Restate the full listing word for word; images stay out of it.

DATA PROVIDED:
□ □ □ □

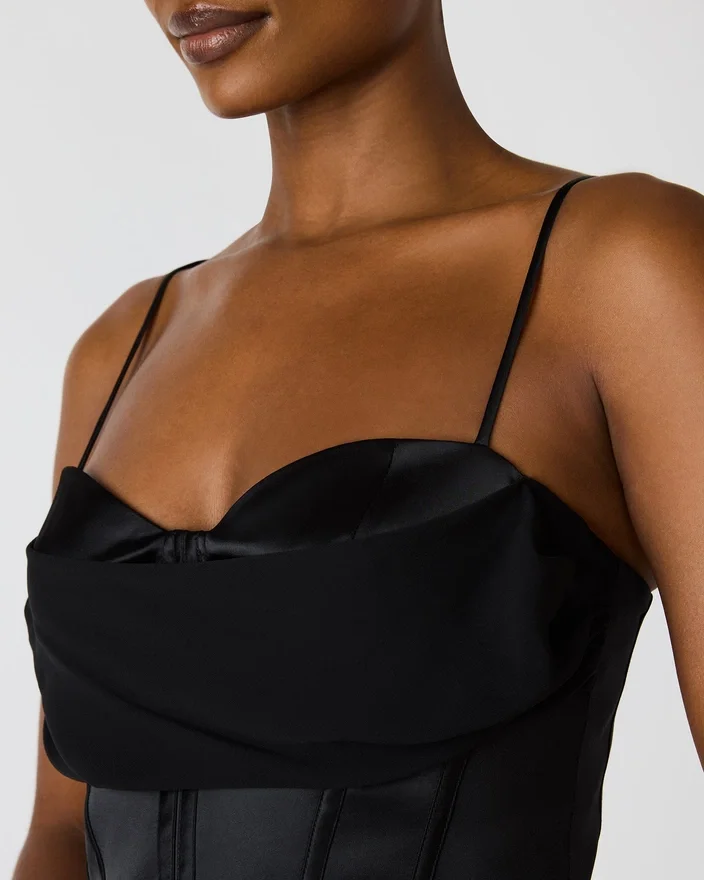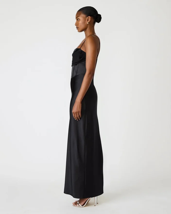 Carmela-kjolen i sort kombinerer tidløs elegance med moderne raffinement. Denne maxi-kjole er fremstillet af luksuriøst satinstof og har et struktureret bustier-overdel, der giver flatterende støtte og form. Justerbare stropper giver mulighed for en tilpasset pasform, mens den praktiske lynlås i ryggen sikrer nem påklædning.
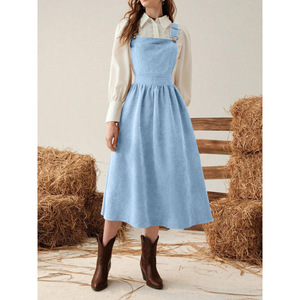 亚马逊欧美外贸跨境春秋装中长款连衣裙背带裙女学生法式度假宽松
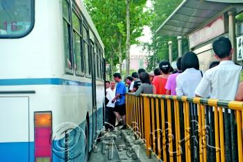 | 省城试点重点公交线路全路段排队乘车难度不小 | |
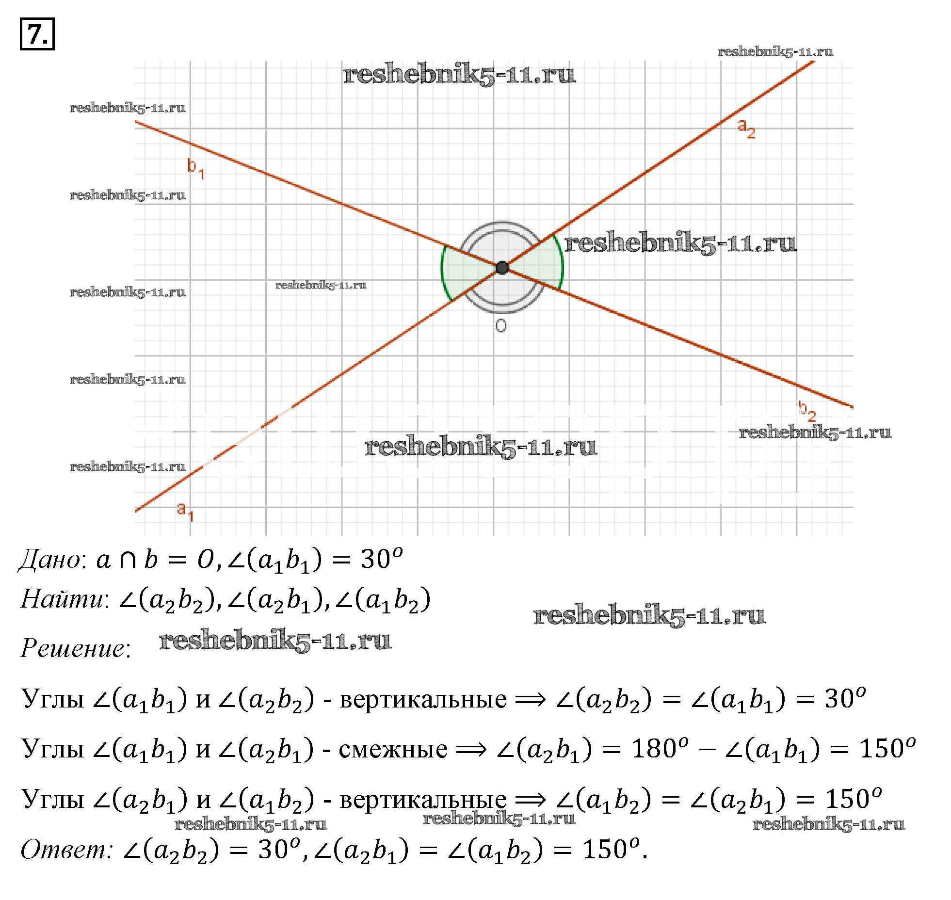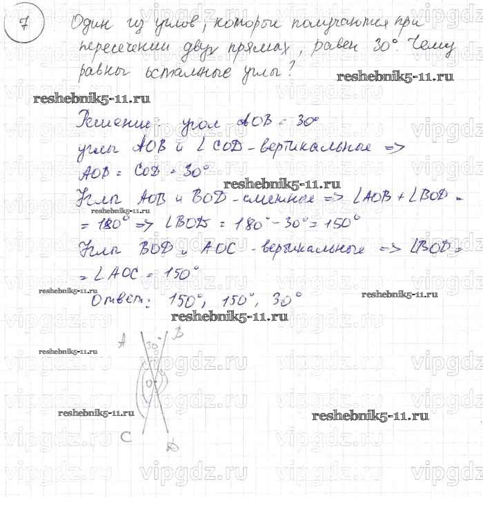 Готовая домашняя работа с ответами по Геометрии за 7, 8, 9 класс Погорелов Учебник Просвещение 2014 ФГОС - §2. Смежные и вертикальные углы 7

□ □ □ □

RESULT OF THIS TASK:
 Carmela-kjolen i sort kombinerer tidløs elegance med moderne raffinement. Denne maxi-kjole er fremstillet af luksuriøst satinstof og har et struktureret bustier-overdel, der giver flatterende støtte og form. Justerbare stropper giver mulighed for en tilpasset pasform, mens den praktiske lynlås i ryggen sikrer nem påklædning.
 亚马逊欧美外贸跨境春秋装中长款连衣裙背带裙女学生法式度假宽松
 | 省城试点重点公交线路全路段排队乘车难度不小 | |
 Готовая домашняя работа с ответами по Геометрии за 7, 8, 9 класс Погорелов Учебник Просвещение 2014 ФГОС - §2. Смежные и вертикальные углы 7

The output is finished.